While perfect forward secrecy (PFS) can be achieved efficiently by using DHKE and its variants, it is possible and convenient to use the RSA algorithm only to implement a PFS system. As mentioned in our lectures, the RSA algorithm need to be applied twice, and below is a possible protocol.

1. Bob generates a RSA key pair (AuthPublic, AuthPrivate) for authentication only and deliver it to Alice through an authentic channel.
2. When Alice needs to send a message to Bob, Bob generates a RSA key pair (EncPublic, EncPrivate) as the session key.
3. Bob calulates the signature EncPubSig of EncPublic with the authentication key AuthPrivate, and delivers (EncPublic, EncPubSig) to Alice.
4. Alice verifies (EncPublic, EncPubSig) with AuthPublic to make sure she is communicating with Bob.
5. Alice encrypts the plaintext using EncPublic and sends the ciphertext to Bob.
6. Bob decrypts the ciphertext to obtain the plaintext.

For this project, we are going to use the rsa package in Go to implement the above protocol. In particular, Probabilistic Signature Scheme (PSS) is used for RSA signature and Optimal Asymmetric Encryption Padding (OAEP) is used for RSA encryption. For your conveniece, examples and part of the protocol are provided here. Now it is your turn to complete the protocol and to test it using knowledge of public-key cryptography and digital signature.

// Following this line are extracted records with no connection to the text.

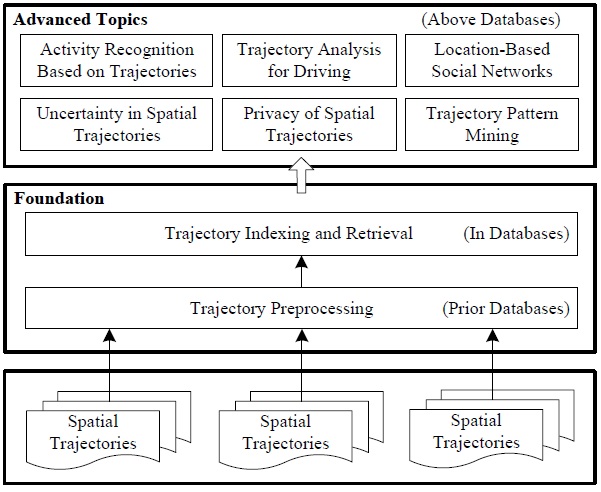 We chose 17 active researchers in the field of computing with spatial trajectories to contribute chapters to this book in their areas of expertise. These chapters are organized according to the paradigm of “trajectory preprocessing (prior databases)–> trajectory indexing and retrieval (in databases) –> advanced topics (above databases),” as illustrated in the following Figure.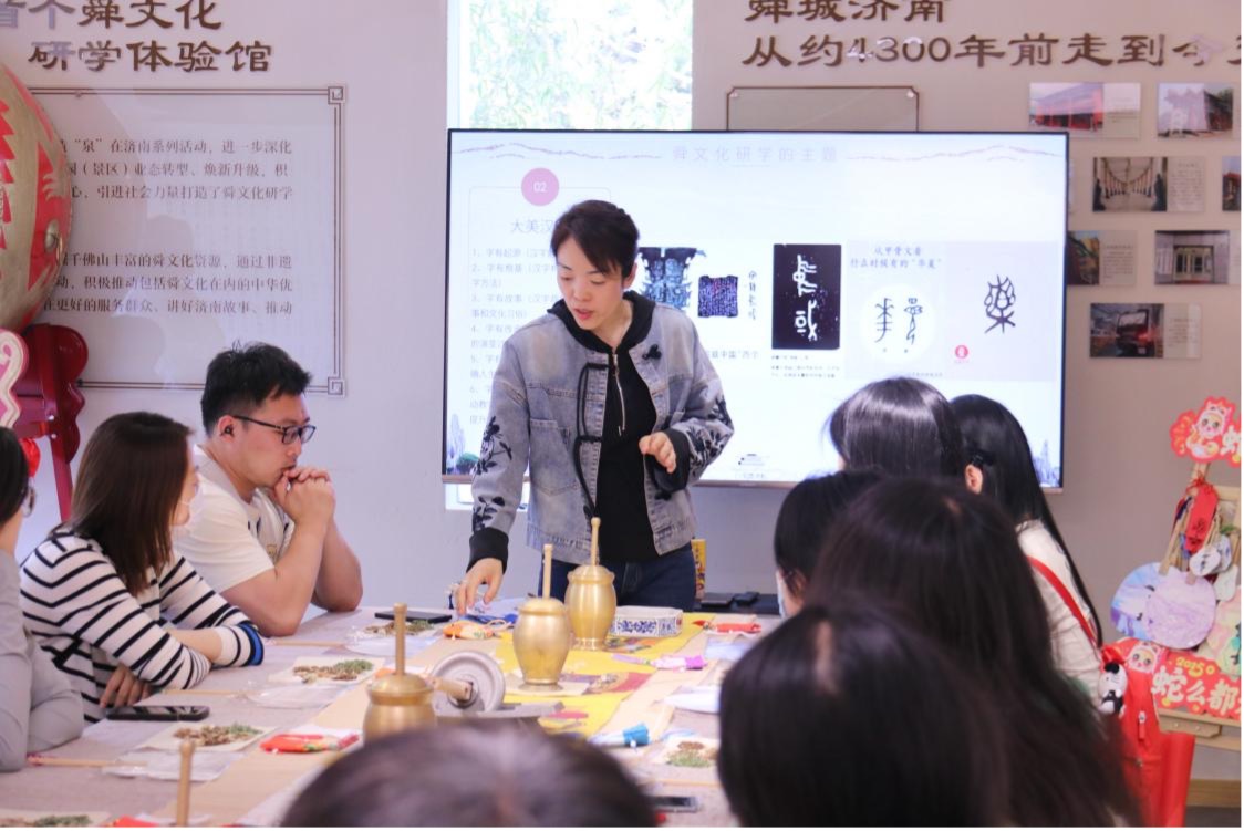 师生前往济南舜文化体验基地开展研学活动。舜城文昌书院院长张雨桐带领师生实地探访“尧帝访贤”“历山溯源”“舜耕历山”等文化景观,通过文物讲解与场景还原,系统阐释舜文化中“德、孝、仁、和”的价值内涵。孙志轩同学表示:“老师解读‘德’字的‘行正守心’之意,让我深刻认识到先贤思想对中华文明传承的深远影响。”尹洁认为“当代社会主义核心价值观中‘和谐’‘友善’等内容与舜帝治理思想一脉相承,这种跨越时空的精神共鸣令人深受启发。”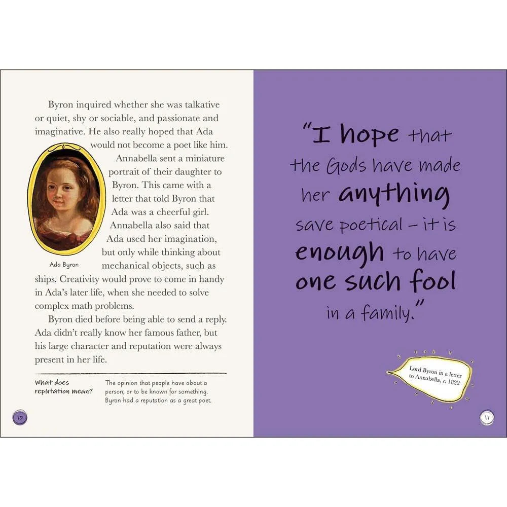 In 1833, Ada Lovelace met mathematician Charles Babbage, inventor of calculating machines. She went on to devise a way of inputting data into Babbage's Analytical Machine, and in doing so became the first-ever computer programmer. In this kids' biography book for 8-11 year olds, learn all about Ada Lovelace's fascinating life, including her famous father (celebrated poet Lord Byron), her talent for languages and mathematics, and her predictions for how computers could change our lives.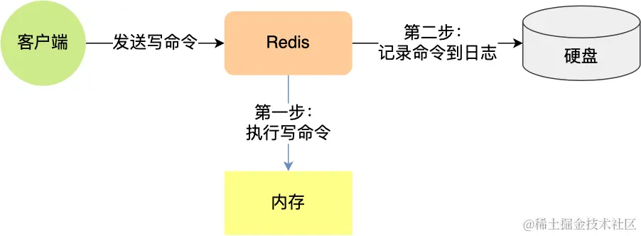 第一个风险,执行写操作命令和记录日志是两个过程,那当 Redis 在还没来得及将命令写入到硬盘时,服务器发生宕机了,这个数据就会有丢失的风险。

Before you actually write code for the protocol, you will first need to understand how to sign/verify messages in RSA using PSS and how to encrypt/decrypt messages in RSA using OAEP in Go. You will need to read the two functions validateRSAPSS() and validateRSAOAEP() and to observe their outputs in order to understand how they work.

The implementation of our double RSA protocol starts with the function doubleRSAPFS(), which calls a few more functions, each implements one or more protocol steps. You will need to modify the three functions aliceVerify, aliceEncrypt, and bobDecrypt for the last 3 steps since the implementation of the first 3 steps are already provided. Once the protocol is implemented correctly, doubleRSAPFS() will output "doubleRSAPFS completed successfully."

Moreover, since our protocol may also prevent certain cases of man-in-the-middle (MITM) attacks, the function doubleRSAPFSMITM() simulates a possible attack scenario. Your implementation of aliceVerify, aliceEncrypt, and bobDecrypt, without modification, should be able to protect against this attack so that the function should output "doubleRSAPFSMITM completed successfully."

Now, you are ready to reason further with our double RSA protocol and answer the following 4 questions in your project report:

1. Why do we need to apply RSA twice? Why can't Bob simply generate a RSA encryption key everytime Alice wants to send a message and skip the authentication/signature part?
2. For step 3, when Bob delivers (EncPublic, EncPubSig) to Alice, what kind of channel is needed? A secure channel? An authentic channel? Or an insecure channel is perfectly OK?
3. Can Alice use the protocol to send Bob a message of arbitrary length? If not, how can you modify the protocol to achieve so?
4. Is it possible for Oscar to perform a man-in-the-middle attack on the protocol to pretend that he or she is Alice? Why or why not? If not, how can you modify the protocol to prevent so?

Submit the following to Blackboard for this project.

1. 5 Points: Your source code that can be executed correctly.
2. A project report including the items below.
   • 5 Points: explain your approach and results for Section III.
   • 5 Points: answers to the four questions in Section III.

The project should be done individually. You can discuss the project with other students but all the source code and writings should be your OWN. PLAGIARISM and called for DISCIPLINARY ACTION. NEVER share your source code and reports with others.